As I reflect on this I can’t help but think, how many times do we desperately long for those blue arrows to show us the way out of somewhere we don’t want to be? We feel stuck, trapped and unable to move. But this I know – there is always a way. Our job is to keep moving forward, stay grounded in God and keep our eyes open for the blue arrows showing us the path to take. We will find them if we don’t give up.

“Through it all, my eyes are on you; and it is well, with me” ~It Is Well, Kristene DiMarco

Still Walking

Today I woke up in Turkey. Don’t worry, I planned to be here. 🙂 But if you would’ve asked me a few years ago? I would not have predicted this.
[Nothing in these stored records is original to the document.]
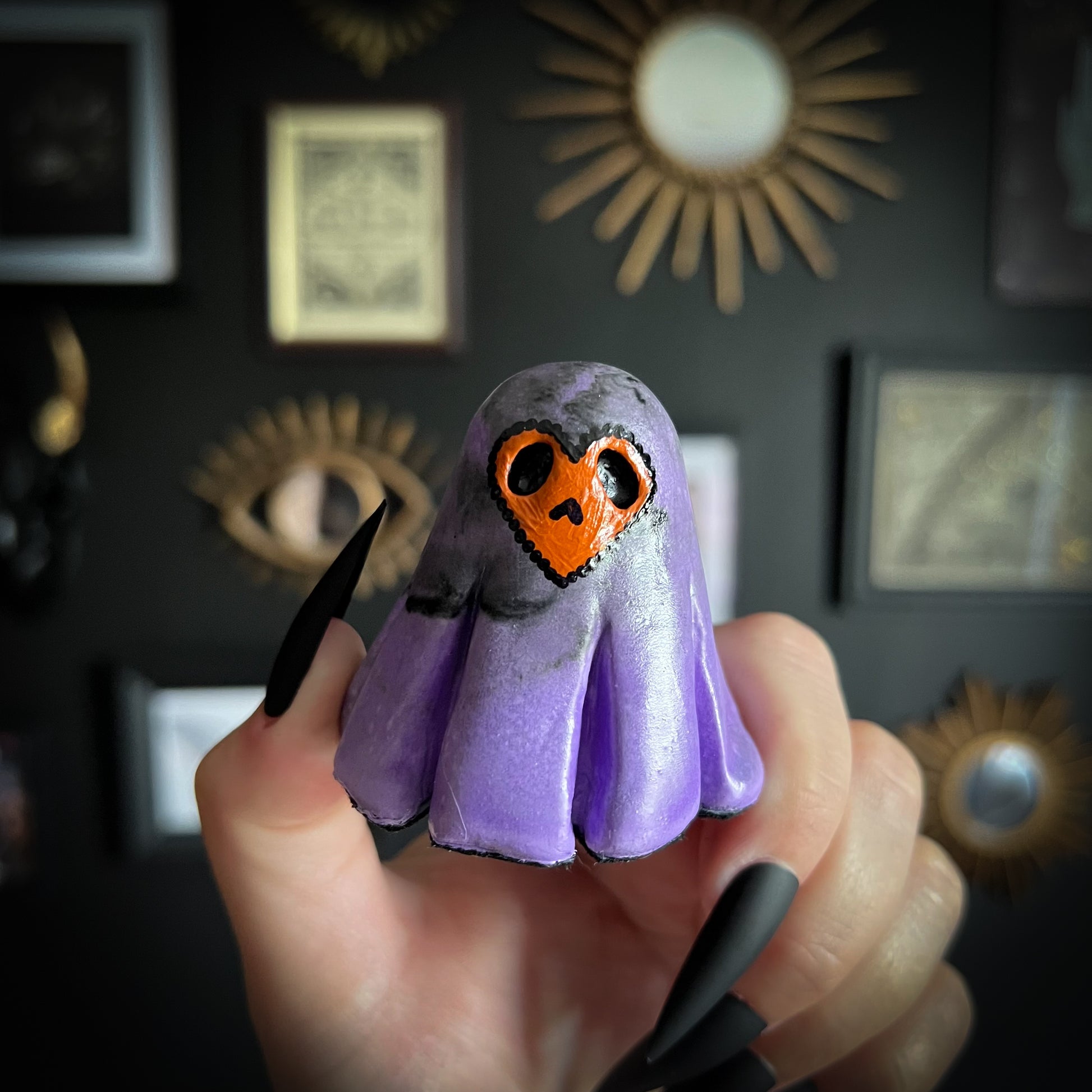 Each concrete ghost in our collection is a one-of-a-kind creation, individually hand poured with care and character. Some remain unpainted, while others are adorned with hand-painted details that make them truly unique. Whether spooky or sweet, these one-off little ghouls add the perfect touch of haunted charm to any shelf, altar or darkly whimsical space.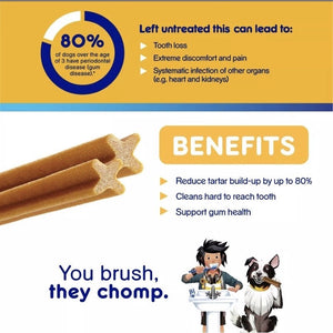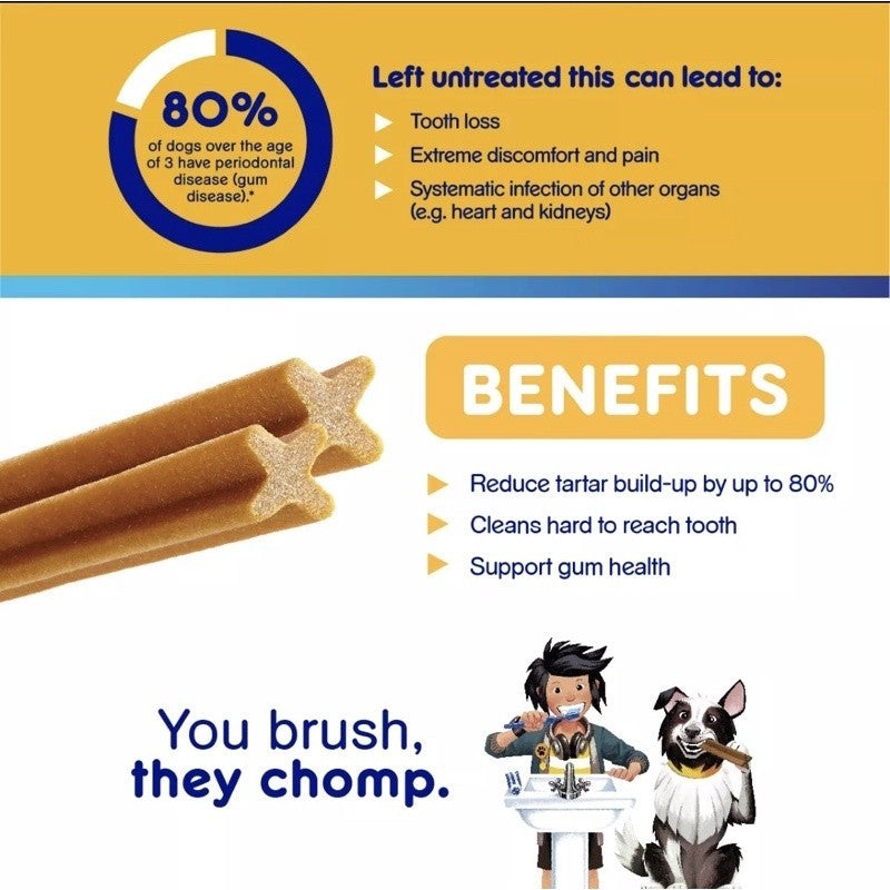 Pedigree Dentastix Original Dog Treats are clinically proven to reduce plaque and tartar buildup—a contributor to gum disease—when used as part of a daily oral care routine. The special texture helps clean down to the gumline. Great for maintaining your dog's dental health, while rewarding them with a tasty treat!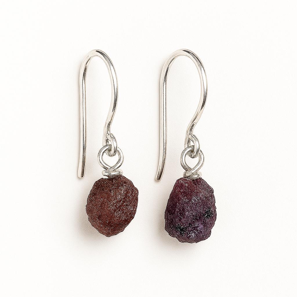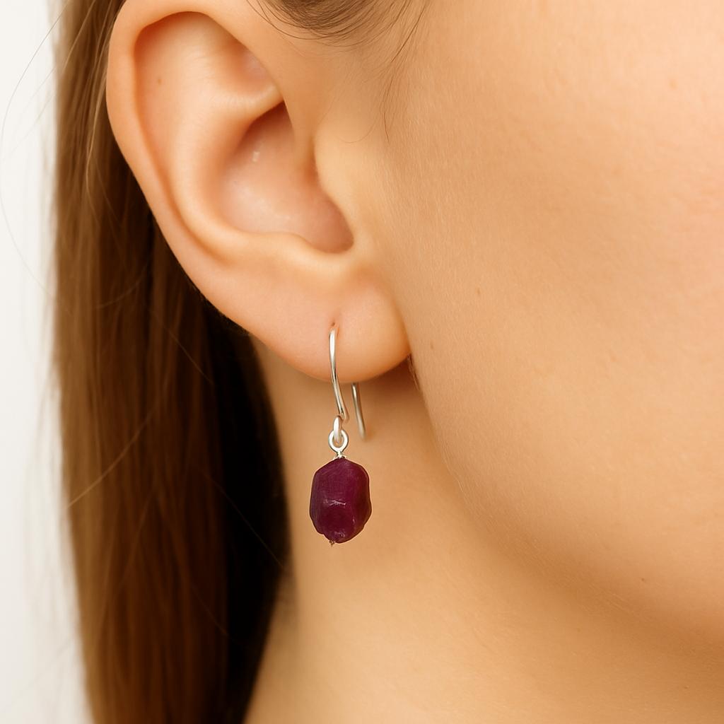 گوشواره سنگ یاقوت سرخ راف و طبیعی. مناسب افزایش انرژی، عشق و اعتمادبه‌نفس. طراحی خاص، زنانه و متفاوت با سنگ خام و فرم ارگانیک
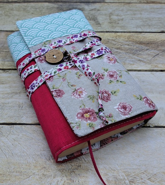 Couverture livre en tissu fait main, couvre livre de poche, cache couverture en tissus fleuri framboiseCouverture Livre Tissu Personnalisé Protège Livre Fait Main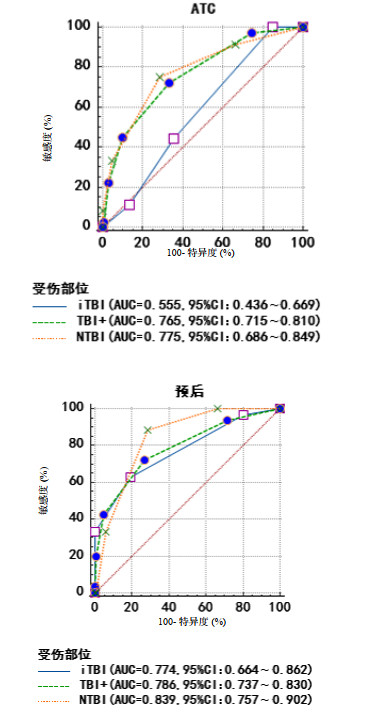 本研究将低体温和qSOFA结合,反映了严重创伤患者入院时一般生命体征状态,可迅速获取,且直接数据化体现其严重程度。TqSOFA评分对于严重创伤患者并发ATC的AUC=0.743和不良预后的评估预测能力AUC=0.784,均高于目前急诊常用的RTS、ISS评分工具,且评分方式内容较ISS更为简洁方便,不受医疗资源所限。本研究还发现,TqSOFA对于不伴有颅脑损伤的严重创伤患者并发ATC及预后的预测效能最佳,优于伴有颅脑损伤和单纯颅脑损伤严重创伤患者。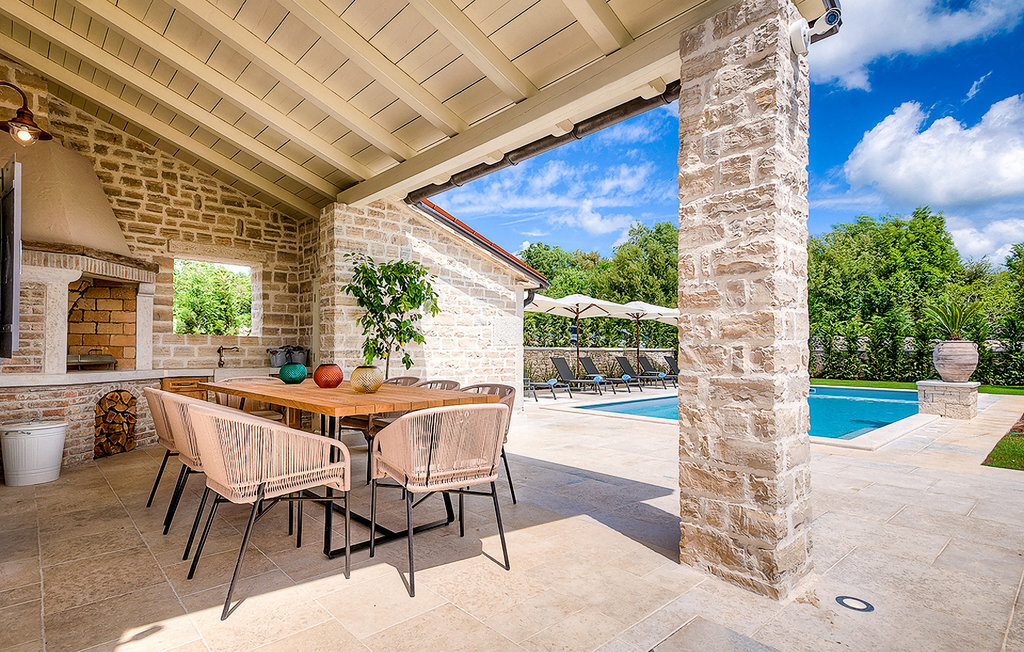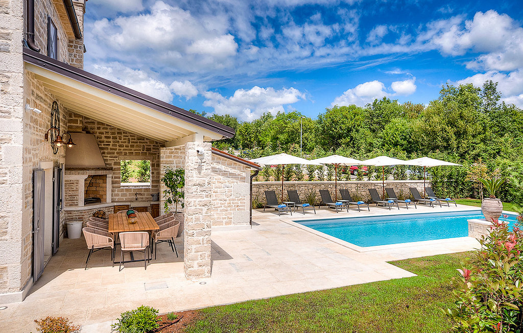 Élégante, stylée et très bien située, au milieu du paysage pittoresque de l'Istrie, mais toujours à proximité des plages ensoleillées et des villes côtières animées, la Villa Zoe offre un hébergement luxueux où vous pourrez profiter de chaque minute de vos vacances en toute décontraction. Le rez-de-chaussée est entièrement consacré à la détente. L'espace magnifique et spacieux est divisé par une arche en pierre en zones de salon, de salle à manger et de cuisine, avec d'immenses portes-fenêtres qui laissent entrer une abondance de lumière chaude d'Istrie. Les murs en pierre naturelle, les plafonds à poutres en bois et la magnifique cheminée créent une atmosphère chaleureuse et accueillante, tandis que le mélange de meubles modernes et vintage, ainsi que l'équipement exquis, vous procurent un confort de première classe. Les quatre chambres à coucher meublées avec style sont réparties sur l'étage supérieur, tandis que le rez-de-chaussée s'ouvre directement sur l'alléchante piscine privée, l'endroit merveilleux pour se reposer et se détendre. La jolie véranda couverte, avec son authentique barbecue intégré et sa grande table à manger, est un refuge attrayant contre la chaleur de l'été, ainsi que l'endroit parfait pour des repas savoureux en plein air.

It’s been a while since I’ve written. This past season of life has been filled with ups and downs, sharp corners and surprises that weren’t welcomed or foreseen. I know I’m not alone in this. We, as humans, are not immune to these roller coaster rides of life. It’s something we all have in common.

Nicolas Herrmann was no stranger to this. But there was something that he figured out along the way. He figured out how to walk in peace. To have peace with you, whether you are washing dishes or in prayer, is something I want to learn. I drift away from it so often and have so much to learn about living this way. This man, also known as Brother Lawrence, “lived his life, as though he were a singing pilgrim on the march.” (The Practice of the Presence of God)

The purpose of this trip to Turkey is to go on a pilgrimage called the Footsteps of Paul. We will be traveling throughout Turkey and Greece to walk where the Apostle Paul has gone before. I hope our travels teach us to walk in the peace of His presence. To learn from those gone before us. I hope as I share the journey, you too will be inspired as we learn together.

Thanks for walking with me. For being on this life pilgrimage too. For not giving up. I wrote in my journal this morning:

Still wondering

Still hurting

Still healing

Still walking

As I sit in the courtyard of our hotel here in Turkey, I am hopeful that as we move along, we will learn how to settle into that place called peace as those who have gone before us have done. And we would know without hesitation, that everything is going to be worked out as long as we are still walking.